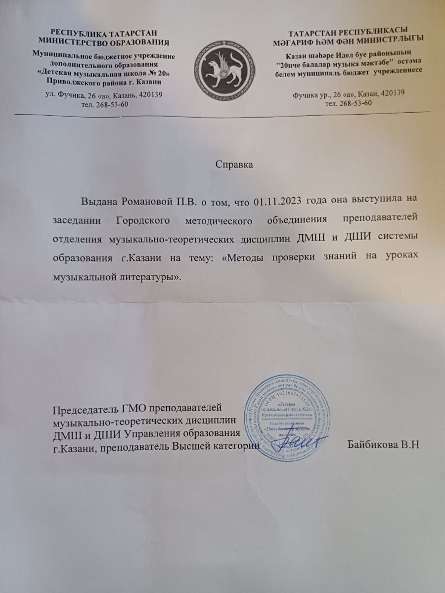 27.Мамедова Б.Н. - благ. письмо за вечер музыки современных тат. композиторов в зале Союзе композиторов
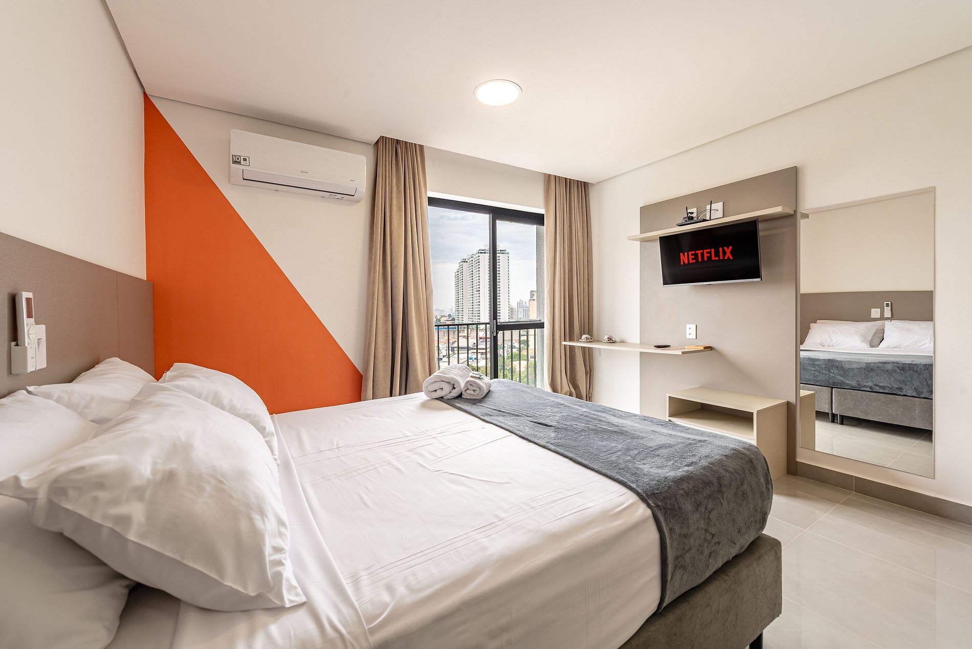 Espaço para até 2 pessoas, com Wi-Fi rápido, Smart TV, varanda privativa e estrutura de resort: piscina, sauna, academia L7 do Lucas Moura, quadras de areia e restaurante.
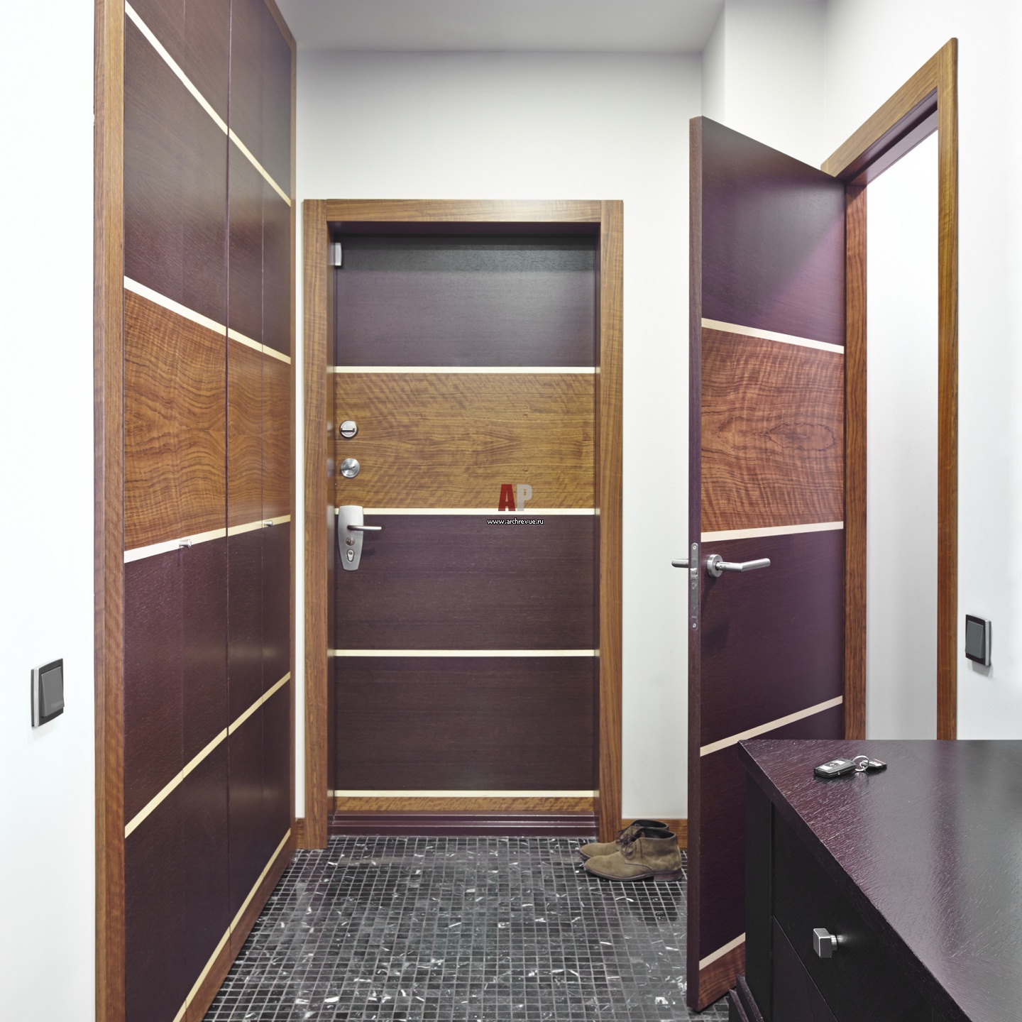 Интерьер прихожей современной квартиры. Входная дверь, межкомнатные двери, раздвижные двери шкафа-купе сделаны на заказ по чертежам архитектора. Горизонтальный рисунок из шпона ореха и дуба.
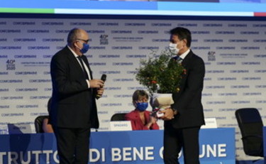 Il presidente Gardini ha donato al presidente del Consiglio Conte la pianta di melograno, “il cui frutto è il simbolo dell’unità e della compattezza dei cooperatori”.
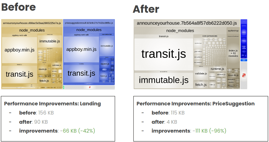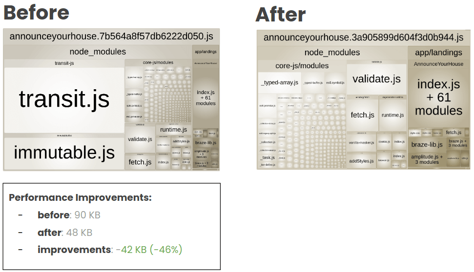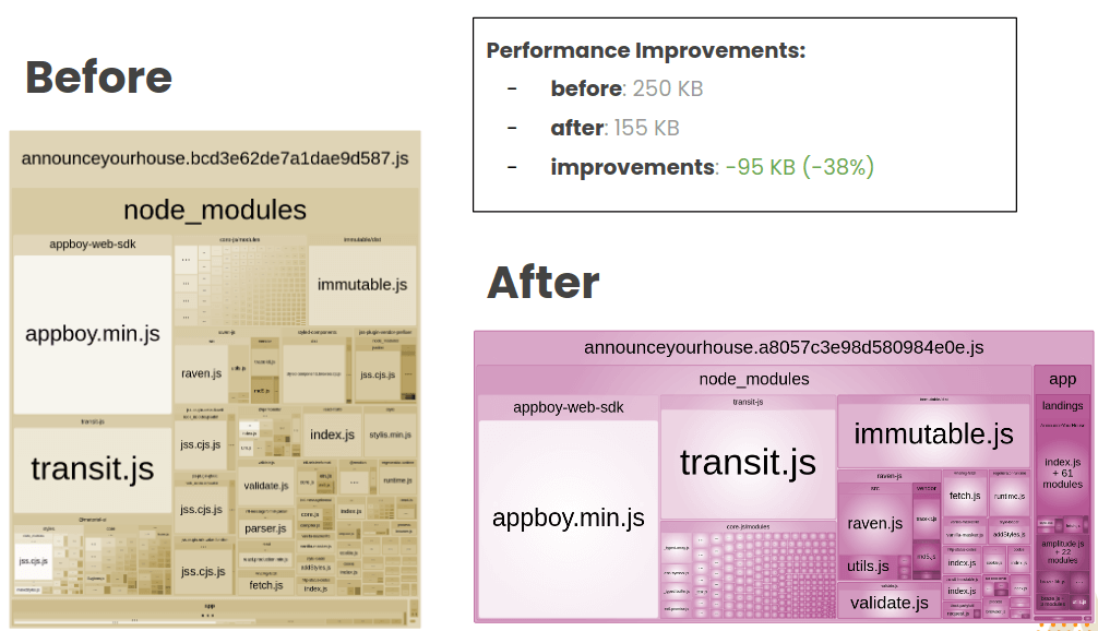 We reduced 95KB! It's interesting to think we can have a huge impact on a small change after carefully analyzing our bundles. This will be the process behind each improvement we did for the rest of this article:
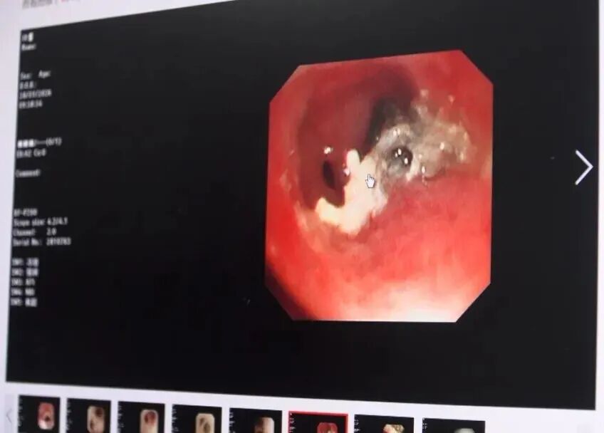 为确保安全,她没有急于操作,而是通过气管镜,用生理盐水反复冲洗异物周围,软化粘连的分泌物,同时小心翼翼地探查异物质地——经过细致试探,确认该异物质地柔软,不会对气道造成严重划伤后,沈艳丽副主任才凭借精准的操控,用专用器械一点点包裹、钳夹异物,缓慢、平稳地将其完整取出。
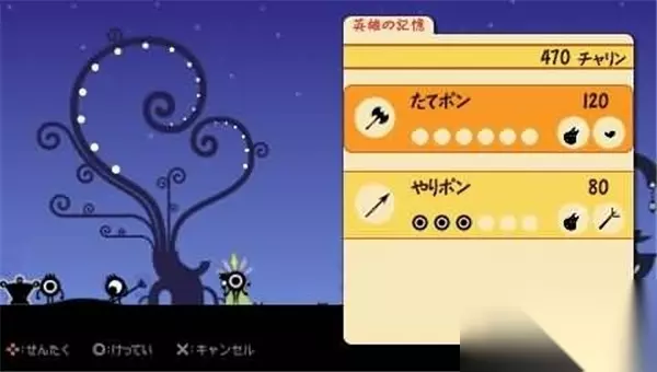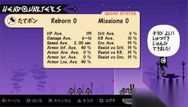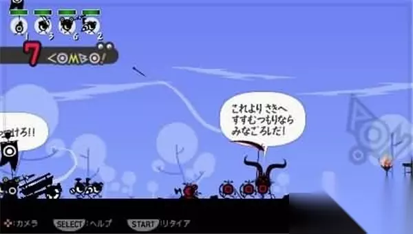 在纪念碑区,按下O键即可进入Patapon的世界进行冒险。 选定关卡后,将进入整备界面。然而,同志们请注意,当前我们依然处在社会主义初级阶段——没有士兵、没有房屋、没有武器、没有食物,什么都没有。也就是没有什么可整备的,直接按START键进入吧。 在这一路上,我们学到了第二个指令:进攻!PON PON PATA PON O/O/□/O。灵活运用进攻和前进这两个命令,边前进边狩猎,就能顺利通过关卡。完成任务后,你将根据猎物数量获得一定的肉LV1,这可是制作新烧饼的必备材料哦! 第一章 MISSION 3:边境突出
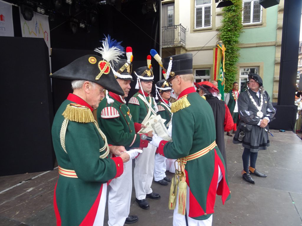 Bei der Begrüßung der Gäste auf dem Marktplatz zeichnete die Hist. Bürgerwehr Bretten einige Mitglieder für langjährige aktive Dienstzeit aus und ehrte die Sieger des Freischießens, welches am gleichen Morgen auf der Schießanlage des KKS Bretten ausgetragen wurde.
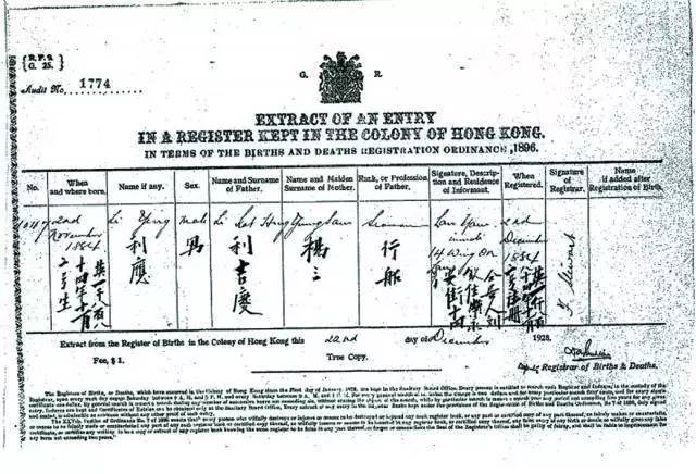 郑宏泰教授由英国档案馆取得的出生证明影印本,发现利希慎原名利应,出生证明连利家后人都未见过。
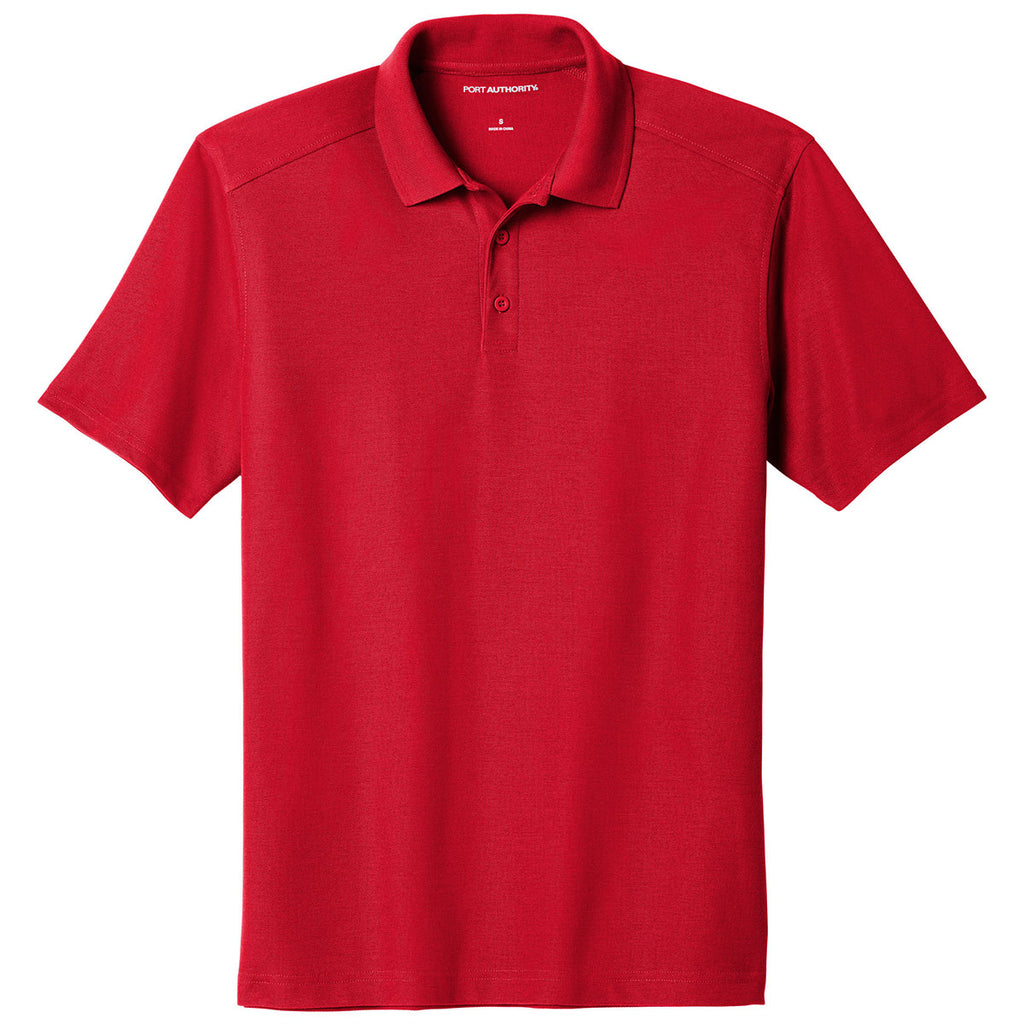 Paired with EZCotton polos, the custom logoed Port Authority Men's Apple Red EZPerformance Pique Polo raises the standard for employee apparel. Incredibly smooth 100% spun polyester pique remains in pristine condition for years to come. The flat knit collar presents a relaxed fit that will help your team settle into a professional networking event. Add your company logo on the large embroidery area to connect with other professionals at business conventions. With a logo, you put your best marketing foot forward to attract new customers for your business. Dyed-to-match buttons add a subtle chic touch for the pique polo.Corresponding Women's Style: Port Authority Women's Apple Red EZPerformance Pique Polo
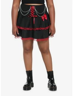 Add some classy punk vibes to your wardrobe with this tiered skirt! Keep it cute with the red ribbon lace-up detail down the center and red lace trim, or add a gothic twist with the removable layered chains. Back zipper closure.
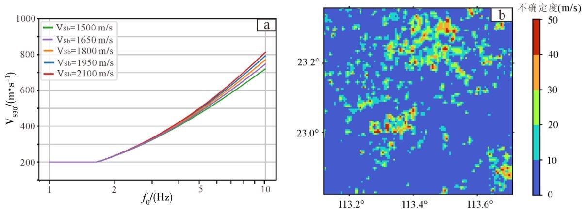 根据钻孔结果,珠三角沉积层的平均速度在100~300 m/s之间。本文首先将VSb固定为1800 m/s,分别使用150、200、250和300 m/s的VSL值,进行VS30了敏感性分析(图5a)。可以观察到,不同的VSL值对基阶频率小于2 Hz的场地VS30结果影响较大,而对超过2 Hz的场地影响则较小。将这4个不同的VSL值用于计算每个站点的VS30,每个站点可以得到4个VS30值,将4个VS30值的标准差作为该点VS30值的不确定性(图5b)。可以看到,大多数区域的VS30不确定性低于20 m/s,表明沉积层的平均速度在150~300 m/s之间取值对大部分地区的影响不大。而在古河道区域的不确定性达到了40~50 m/s,因此在评估古河道地区的VS30时应更为慎重,需结合更多钻孔数据进行约束。
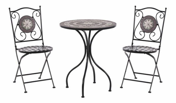 Vychutnejte si šálek čaje na čerstvém vzduchu s touto okouzlující bistro soupravou. Je ideální do malých i velkých prostor a má zajímavý mozaikový vzor vyrobený z keramických dlaždic. Vytvořte si útulný koutek na dvoře nebo balkoně, kde budete moci nerušeně odpočívat. Soupravě vyrobené z kovu neublíží ani déšť a díky skládacím židlím se snadno skladuje.
::::::::::
Every entry above should be written out again verbatim, with no pictures included.

 27.Мамедова Б.Н. - благ. письмо за вечер музыки современных тат. композиторов в зале Союзе композиторов
 Espaço para até 2 pessoas, com Wi-Fi rápido, Smart TV, varanda privativa e estrutura de resort: piscina, sauna, academia L7 do Lucas Moura, quadras de areia e restaurante.
 Интерьер прихожей современной квартиры. Входная дверь, межкомнатные двери, раздвижные двери шкафа-купе сделаны на заказ по чертежам архитектора. Горизонтальный рисунок из шпона ореха и дуба.
 Il presidente Gardini ha donato al presidente del Consiglio Conte la pianta di melograno, “il cui frutto è il simbolo dell’unità e della compattezza dei cooperatori”.
 We reduced 95KB! It's interesting to think we can have a huge impact on a small change after carefully analyzing our bundles. This will be the process behind each improvement we did for the rest of this article:
 为确保安全,她没有急于操作,而是通过气管镜,用生理盐水反复冲洗异物周围,软化粘连的分泌物,同时小心翼翼地探查异物质地——经过细致试探,确认该异物质地柔软,不会对气道造成严重划伤后,沈艳丽副主任才凭借精准的操控,用专用器械一点点包裹、钳夹异物,缓慢、平稳地将其完整取出。
 在纪念碑区,按下O键即可进入Patapon的世界进行冒险。 选定关卡后,将进入整备界面。然而,同志们请注意,当前我们依然处在社会主义初级阶段——没有士兵、没有房屋、没有武器、没有食物,什么都没有。也就是没有什么可整备的,直接按START键进入吧。 在这一路上,我们学到了第二个指令:进攻!PON PON PATA PON O/O/□/O。灵活运用进攻和前进这两个命令,边前进边狩猎,就能顺利通过关卡。完成任务后,你将根据猎物数量获得一定的肉LV1,这可是制作新烧饼的必备材料哦! 第一章 MISSION 3:边境突出
 Bei der Begrüßung der Gäste auf dem Marktplatz zeichnete die Hist. Bürgerwehr Bretten einige Mitglieder für langjährige aktive Dienstzeit aus und ehrte die Sieger des Freischießens, welches am gleichen Morgen auf der Schießanlage des KKS Bretten ausgetragen wurde.
 郑宏泰教授由英国档案馆取得的出生证明影印本,发现利希慎原名利应,出生证明连利家后人都未见过。
 Paired with EZCotton polos, the custom logoed Port Authority Men's Apple Red EZPerformance Pique Polo raises the standard for employee apparel. Incredibly smooth 100% spun polyester pique remains in pristine condition for years to come. The flat knit collar presents a relaxed fit that will help your team settle into a professional networking event. Add your company logo on the large embroidery area to connect with other professionals at business conventions. With a logo, you put your best marketing foot forward to attract new customers for your business. Dyed-to-match buttons add a subtle chic touch for the pique polo.Corresponding Women's Style: Port Authority Women's Apple Red EZPerformance Pique Polo
 Add some classy punk vibes to your wardrobe with this tiered skirt! Keep it cute with the red ribbon lace-up detail down the center and red lace trim, or add a gothic twist with the removable layered chains. Back zipper closure.
 根据钻孔结果,珠三角沉积层的平均速度在100~300 m/s之间。本文首先将VSb固定为1800 m/s,分别使用150、200、250和300 m/s的VSL值,进行VS30了敏感性分析(图5a)。可以观察到,不同的VSL值对基阶频率小于2 Hz的场地VS30结果影响较大,而对超过2 Hz的场地影响则较小。将这4个不同的VSL值用于计算每个站点的VS30,每个站点可以得到4个VS30值,将4个VS30值的标准差作为该点VS30值的不确定性(图5b)。可以看到,大多数区域的VS30不确定性低于20 m/s,表明沉积层的平均速度在150~300 m/s之间取值对大部分地区的影响不大。而在古河道区域的不确定性达到了40~50 m/s,因此在评估古河道地区的VS30时应更为慎重,需结合更多钻孔数据进行约束。
 Vychutnejte si šálek čaje na čerstvém vzduchu s touto okouzlující bistro soupravou. Je ideální do malých i velkých prostor a má zajímavý mozaikový vzor vyrobený z keramických dlaždic. Vytvořte si útulný koutek na dvoře nebo balkoně, kde budete moci nerušeně odpočívat. Soupravě vyrobené z kovu neublíží ani déšť a díky skládacím židlím se snadno skladuje.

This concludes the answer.